Anyone who decides to use an industrial robot in their company may ask themselves another question: It’s great that the robots can be used for many different work areas, but how can I manage to deal with them? How is such a robot operated? For laypersons, the image emerges of opening a flap, standing in front of the robot’s innards, and staring helplessly at a colorful tangle of cables.
While this is often portrayed in films, it is not to be expected in the real world with industrial robots. In the meantime, a solution has been found to the problem that makes it easier for people unfamiliar with robotics to operate a robot: the HMI – Human Machine Interface. But what exactly is that?
What Is The HMI?
Generally speaking, HMI is a dashboard that enables the communication between machines with computer programs or systems. Technically speaking, HMI does not refer to a screen explicitly constructed for this purpose but to any screen used to interact with a machine. If you take a closer look, however, HMI unofficially refers primarily to screens used in industrial environments to communicate with robots.
What Does An HMI Do?
As already mentioned, HMI facilitates communication with the robot and simplifies operation. Accordingly, HMIs display real-time data and enable machines to be controlled via a graphical user interface. In fact, as end users, we also interact with an HMI more often than we realize. In new cars, for example, most functions can be accessed via a touchpad next to the steering wheel. This comes very close to an HMI.
How Is An HMI Used?
HMIs can be found in many industries, especially those increasingly relying on automation. In industry, HMIs are primarily used to monitor machines, analyze work processes and efficiency, or control systems. In addition, users can display and manage alarms via the HMI and react accordingly quickly if work processes are not running optimally.

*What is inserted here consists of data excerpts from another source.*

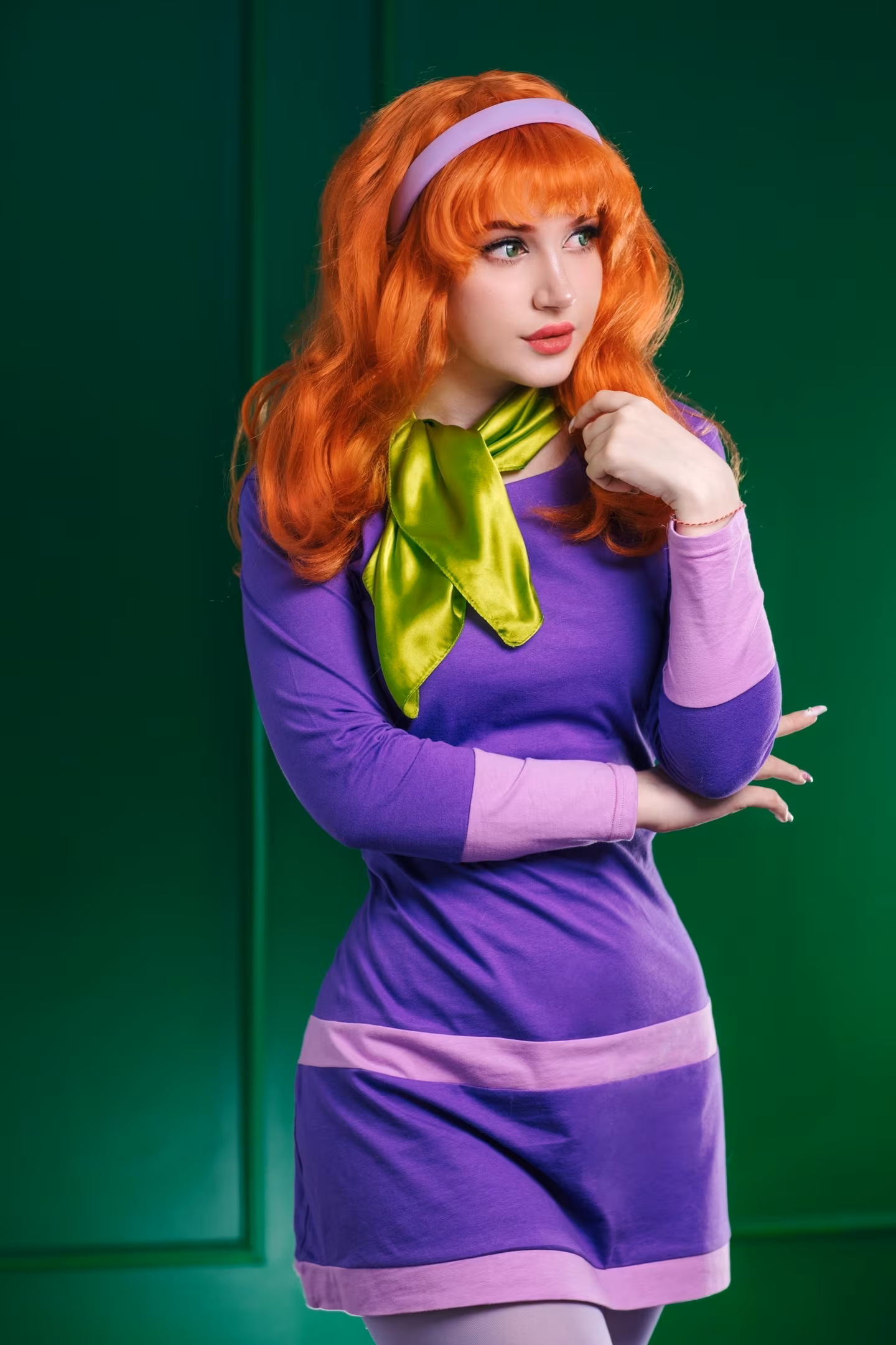 Косплеерша Ulichan представила образ Дафны Блейк из мультсериала «Скуби-Ду, где ты?» — с точностью до последней детали: рыжий парик с чёлкой, фиолетовое платье с сиреневой окантовкой, салатовый шарф и лиловая повязка на голове.
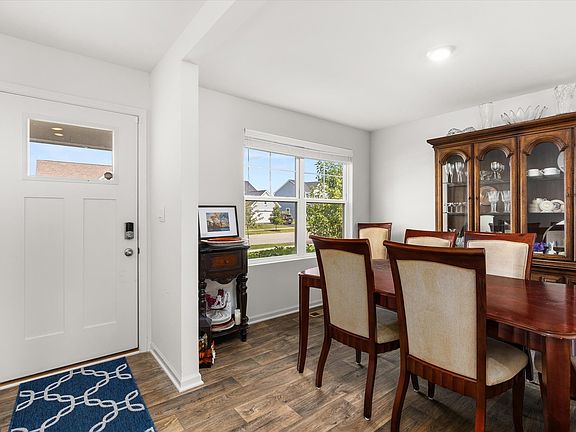 Welcome to beautiful Legacy Pointe! Why wait for new construction when this stunning two-story home, built in 2022, is ready for you now? Offering 4 bedrooms, 2.5 bathrooms, a 2-car garage, and a full unfinished basement, this home has been thoughtfully designed with both style and function in mind. A versatile study, currently being used as a dining room, greets you upon entry. The hallway then opens into a spacious living room, dining area, and an impressive kitchen featuring a large island with seating for up to four, designer white cabinetry, quartz countertops, and an oversized walk-in pantry. Upstairs, the primary suite boasts a private bath with a cultured-marble raised double-bowl vanity, walk-in shower, and separate water closet. Additional features include a tankless water heater, custom blinds throughout, and Smart HomeSM Technology for added convenience. Enjoy outdoor living with a 16x16 concrete patio and electric lighted awning in the backyard. The full basement has five added outlets for easy finishing, while the roof and HVAC come with transferable warranties for peace of mind.
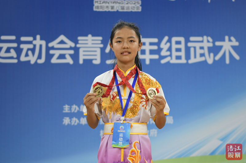 來自綿陽中學英才學校的小選手陶悅瑞今年12歲,此次比賽獲得直屬學校小學女子甲組傳統(tǒng)拳、傳統(tǒng)器械2枚金牌。
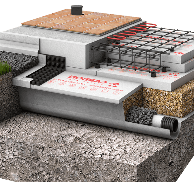 - Монолитная плиточная конструкция. Выполняется утепление фундаментной плиты не только снизу, но и по бокам.
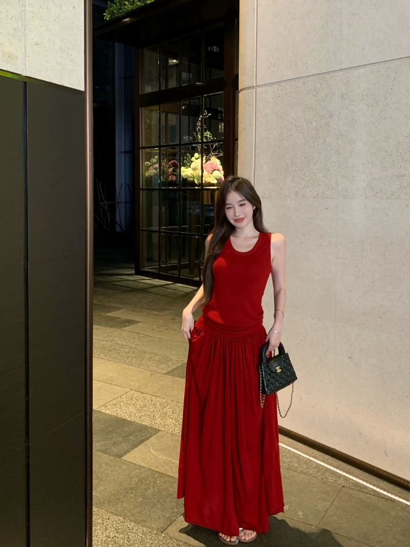 | nameOriginal | Red knitted casual long skirt two-piece suspender set |
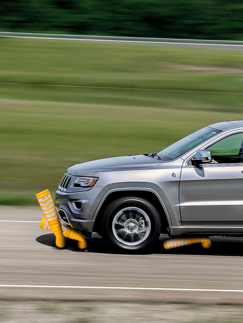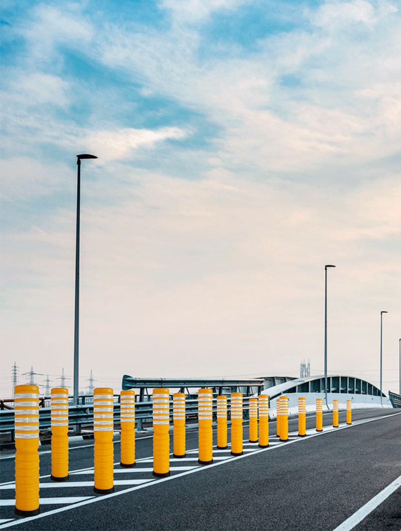 Fruto del estudio del polímero de alta memoria elástica, nacen los delimitados para carreteras especiales. Su alta memoria elástica permite que su estructura se deforme totalmente durante el impacto, retomando su posición inicial después del paso del vehículo.
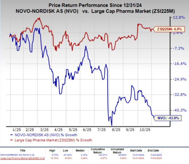 Novo Nordisk A/S NVO reported third-quarter 2025 earnings of 70 cents per American Depositary Receipt (ADR), which missed the Zacks Consensus Estimate of 77 cents. The company had reported earnings of 90 cents per ADR in the year-ago quarter. Revenues of $11.74 billion increased 5% year over year in the Danish kroner (DKK) and 11% at […]
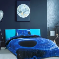 PiccoCasa Galaxies Duvet Cover Sets 1 Duvet Cover 1 Flat Sheet 1 Pillow Shams 3 Piece Twin Navy Blue
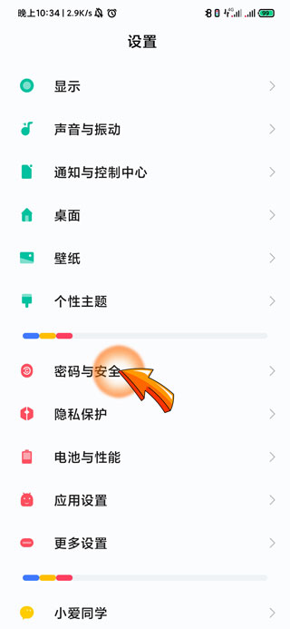 2、进入设置页面后,滑动页面找到并点击“密码与安全”选项。
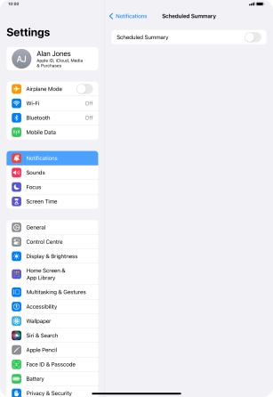 Press the indicator next to "Scheduled Summary" to turn on the function and follow the instructions on the screen to set the notification summary.
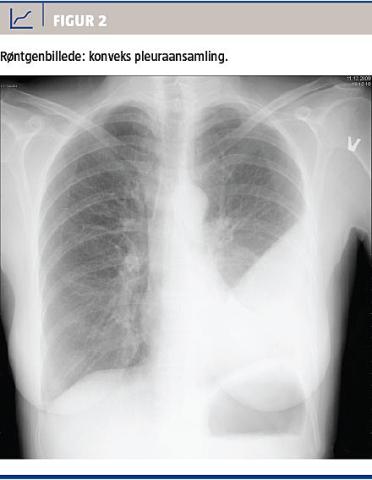intravenøst givet cefuroxim og metronidazol. En røntgenundersøgelse af thorax viste venstresidigt pleuraempyem (Figur 1), hvorfor der blev lagt UL-vejledt pleuradræn, hvorfra der blev udtaget sekret, der blev sendt til dyrkning og resistensbestemmelse. Ved mikroskopi af pleuravæsken sås der mange leukocytter og grampositive diplokokker, men væsken var dyrkningsnegativ. På mistanke om pneumokokempyem justeredes patientens antibiotiske behandling til penicillin. CT af thorax viste en pleural ansamling, der dækkede to tredjedele af venstre lungefelt. Ansamlingen var konsolideret og arrangeret i kamre. Han blev udskrevet på dag 18 til peroral antibiotisk behandling og ambulant kontrol. Der var positiv pneumokokurintest, og behandlingen blev afsluttet på dag 60, hvor han ikke havde haft sequelae eller genindlæggelser.
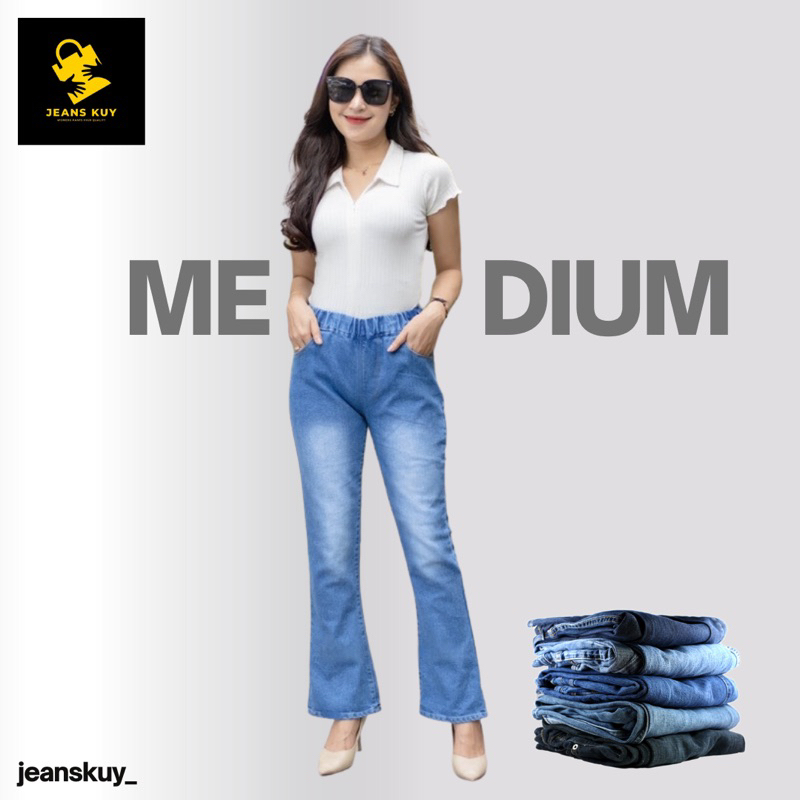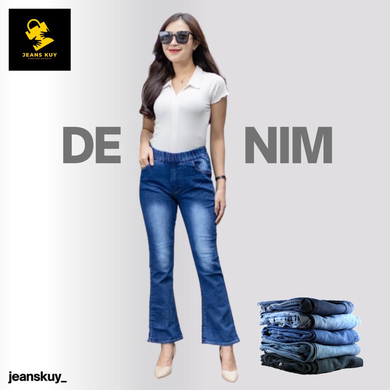 Jeanskuy - Celana Jeans Wanita Cutbray Pinggang Karet

What Does This Have To Do With Robots?
In industry, buying robots also means familiarizing yourself with HMIs or using them because HMIs make robot programming easy and operation simpler. A prime example here is collaborative robotics, which is intended to lower the hurdles for using industrial robots in production with the help of a specially developed HMI designed for easy use.
Thanks to the intuitive dashboard design, the industrial robots can be easily programmed and operated thanks to an HMI and used in production without much effort. This makes working with a collaborative robot easy for employees unfamiliar with robotics. In addition, an employee from the IT department can usually be consulted for reprogramming, as they are familiar with the HMIs and computer systems used and can operate the robot.
Accordingly, it can be said in summary that no entrepreneurs should be afraid of using robots for their production. The technology has advanced enough to make operations easy and understandable. If you have a dedicated IT department, you will not need external technicians to handle the robots.